Invited by Jangchub Ö, a ruler of Ngari in western Tibet, Atisha was asked to present a Dharma that everybody could follow and that would show how all the paths of Sutra and Tantra could be practiced together.
Read Advice from Atisha’s Heart
In response, Atisha wrote Lamp for the Path to Enlightenment, the original stages of the path to enlightenment or Lamrim text, which has served as the basis for all subsequent Lamrim instructions. In this way he was largely responsible for the successful revival of all Buddhist teachings of Sutra and Tantra in Tibet.

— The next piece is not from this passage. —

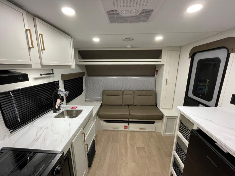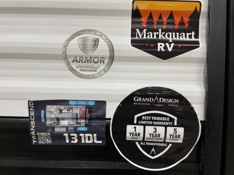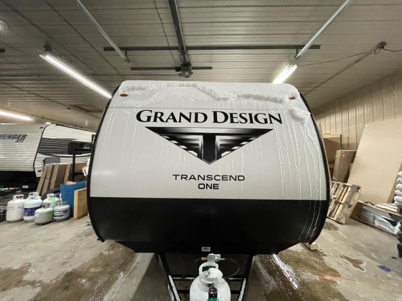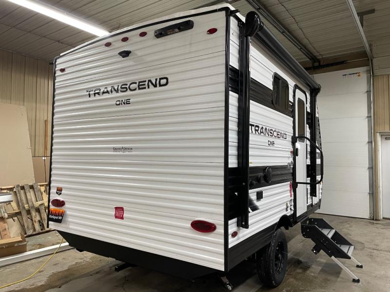 With any Transcend One travel trailer by Grand Design, you will enjoy lightweight towing thanks to their single-axle. There are many interior comforts to make camping easier than ever, such as recessed lighting, residential countertops, and a 6' 6" interior height. Each model is constructed with a heated and enclosed underbelly with suspended tanks, a moisture barrier floor enclosure, and Thermofoil over the roof and front cap for added protection. And a JBL sound system will let you listen to tunes as you visit under the power awning with a Fusion light!

Je Tsongkhapa was a famous 14th century Tibetan Buddhist Master whose appearance in Tibet had been predicted by Buddha Shakyamuni himself. Je Tsongkhapa (whose ordained name was Losang Dragpa) widely promoted and developed the Kadampa Buddhism that Atisha had introduced three centuries earlier.

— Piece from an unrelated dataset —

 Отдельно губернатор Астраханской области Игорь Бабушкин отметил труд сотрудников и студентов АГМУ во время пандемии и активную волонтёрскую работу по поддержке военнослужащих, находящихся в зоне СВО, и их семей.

Je Tsongkhapa patiently taught the Tibetans everything they needed for their spiritual development, from the initial step of entering into a spiritual practice through to the ultimate attainment of Buddhahood.
This was a golden age in Tibet, and thousands of Tibetans were inspired by Je Tsongkhapa’s immaculate example of pure moral discipline, compassionate way of life, and profound, liberating wisdom.
His followers became known as the ‘New Kadampas’; and to this day Kadampa Buddhists worldwide study his teachings and strive to emulate his pure, compassionate example.
All the books studied at Kadampa Buddhist Centers are inspired by and based on the teachings of Je Tsonghapa, which in turn are based on the teachings of Buddha Shakyamuni and Venerable Atisha.
Venerable Geshe Kelsang Gyatso is a fully accomplished meditation master and internationally renowned teacher of Buddhism.
Geshe-la, as he is affectionately called by his students, is primarily responsible for the worldwide revival of Kadampa Buddhism in our time.
From the age of eight Geshe-la studied extensively in the great monastic universities of Tibet and earned the title ‘Geshe’, which literally means ‘spiritual friend’. Under the guidance of his Spiritual Guide, Kyabje Trijang Rinpoche, he then spent the next eighteen years in meditation retreats in the Himalayas.
In 1977 he accepted an invitation to teach at Manjushri Kadampa Meditation Centre in England, where he lived and taught for many years, giving teachings and guidance to an ever-growing number of students, including at many International Festivals.
From 1977 to the present day, he has founded over 1200 centers for Kadampa Buddhism around the world and trained up hundreds of modern Buddhist teachers.